# AI nano Sol



## Hoyuen (Jun 23, 2011)

Anyone know where in GTA I can buy them? I asked NAFB already they said they could get it in for me. I don't know their price, so i am not sure if it's cheaper to order online from the states, forbid I get slapped with the brokerage fee tho.


----------



## talon (May 7, 2009)

GoReef in Quebec
http://www.goreef.com/AquaIllumination-LED-Fixture/


----------



## Hoyuen (Jun 23, 2011)

I've tried to tally the total (including tax + shipping) the cost of goreef and it comes to $450, And NAFB said they would get it for me at $399 + tax so they come up to around the same.

If I order it from the aquarium specialty I could get it for $380 thats including shipping.


Which should I order from?


----------



## ameekplec. (May 1, 2008)

Send Mathieu at GoReef an email and see what he can do for you about the price


----------



## Hoyuen (Jun 23, 2011)

i doubt he'd let me get it tax free. it's already free shipping  The sad part is even without tax the original price is still higher than what i would pay by ordering from the states plus shipping.
If I could get it tax free I'd definitely support the more "local" store


----------



## Hoyuen (Jun 23, 2011)

I read somewhere that there's a price drop on the ai nano VERY soon. just one month after the release. good thing i didn't drop the hammer today.


----------



## fury165 (Aug 21, 2010)

Hoyuen said:


> I read somewhere that there's a price drop on the ai nano VERY soon. just one month after the release. good thing i didn't drop the hammer today.


Same here...SOLs dropping in price too, so I'm cancelling my preorder with Goreef until the price drop.


----------



## ameekplec. (May 1, 2008)

http://reefbuilders.com/2011/09/09/ai-nano-led-coming-warm-white-price-drop/


----------



## Hoyuen (Jun 23, 2011)

at the bottom of the page. someone by the name of saltsupply reply they are already on the price cut. visited their facebook, and went to their website saltysupply.com

needless to say price is already reduced.
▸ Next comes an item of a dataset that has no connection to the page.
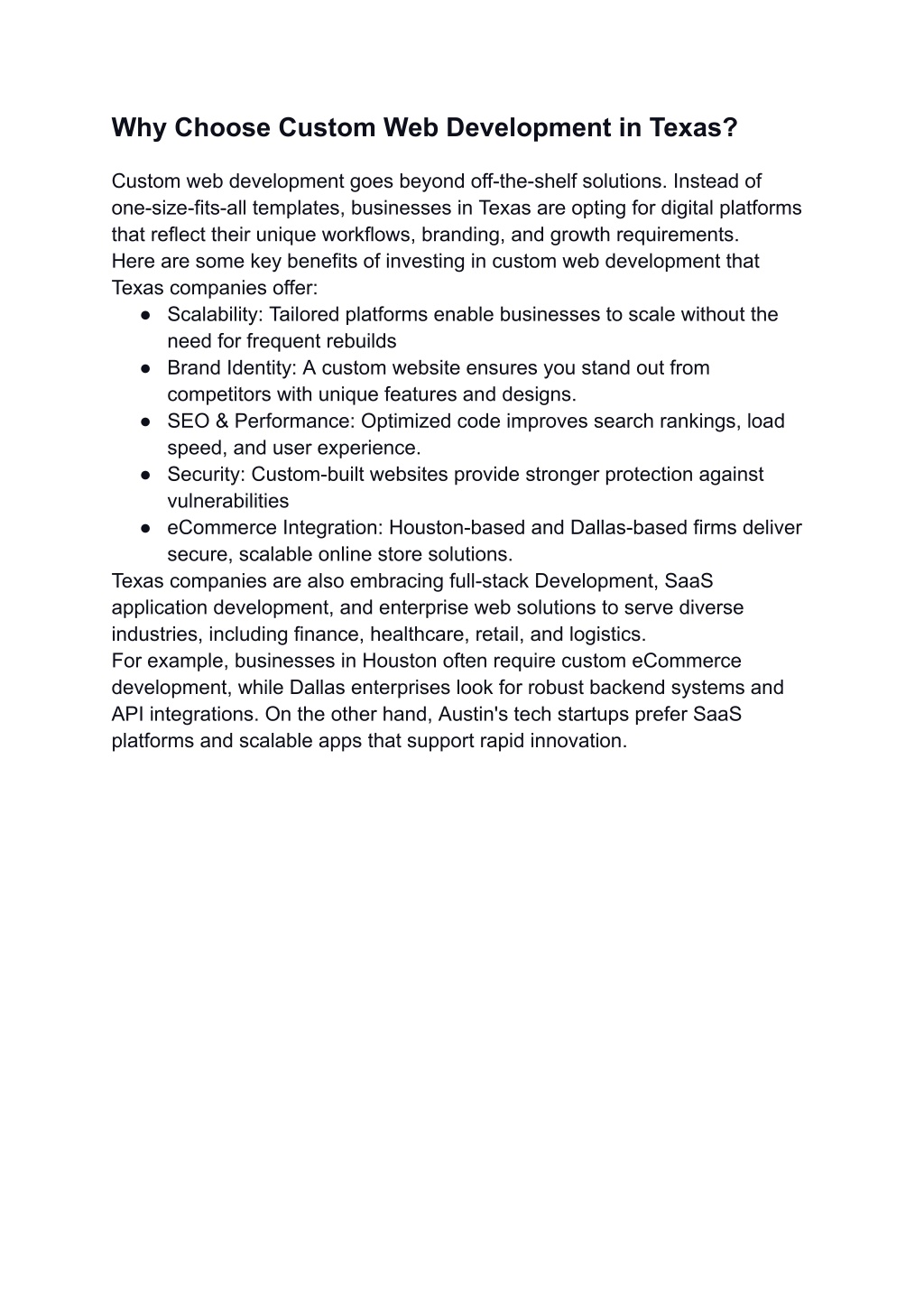 Why Choose Custom Web Development in Texas? Custom web development goes beyond off-the-shelf solutions. Instead of one-size-fits-all templates, businesses in Texas are opting for digital platforms that reflect their unique workflows, branding, and growth requirements. Here are some key benefits of investing in custom web development that Texas companies offer: ● Scalability: Tailored platforms enable businesses to scale without the need for frequent rebuilds ● Brand Identity: A custom website ensures you stand out from competitors with unique features and designs. ● SEO & Performance: Optimized code improves search rankings, load speed, and user experience. ● Security: Custom-built websites provide stronger protection against vulnerabilities ● eCommerce Integration: Houston-based and Dallas-based firms deliver secure, scalable online store solutions. Texas companies are also embracing full-stack Development, SaaS application development, and enterprise web solutions to serve diverse industries, including finance, healthcare, retail, and logistics. For example, businesses in Houston often require custom eCommerce development, while Dallas enterprises look for robust backend systems and API integrations. On the other hand, Austin's tech startups prefer SaaS platforms and scalable apps that support rapid innovation.

With coupon code it comes to around $284 + shipping. Anyone had experience ordering from them? Should I pull the trigger?


----------



## ameekplec. (May 1, 2008)

I'm telling you guys - it's worth a shout to see if the retailers here can match American prices. I've had it time and time again when retailers have met or even BEAT US prices - and that was even in a time when CAD wasn't above par.


----------



## carmenh (Dec 20, 2009)

+1, I've found that most things can be had locally at comparable prices if you ask. Remember, too, retailers pay steep fees for credit and debit card transactions. If you have cash in hand, they can figure that into the price...



ameekplec. said:


> I'm telling you guys - it's worth a shout to see if the retailers here can match American prices. I've had it time and time again when retailers have met or even BEAT US prices - and that was even in a time when CAD wasn't above par.


----------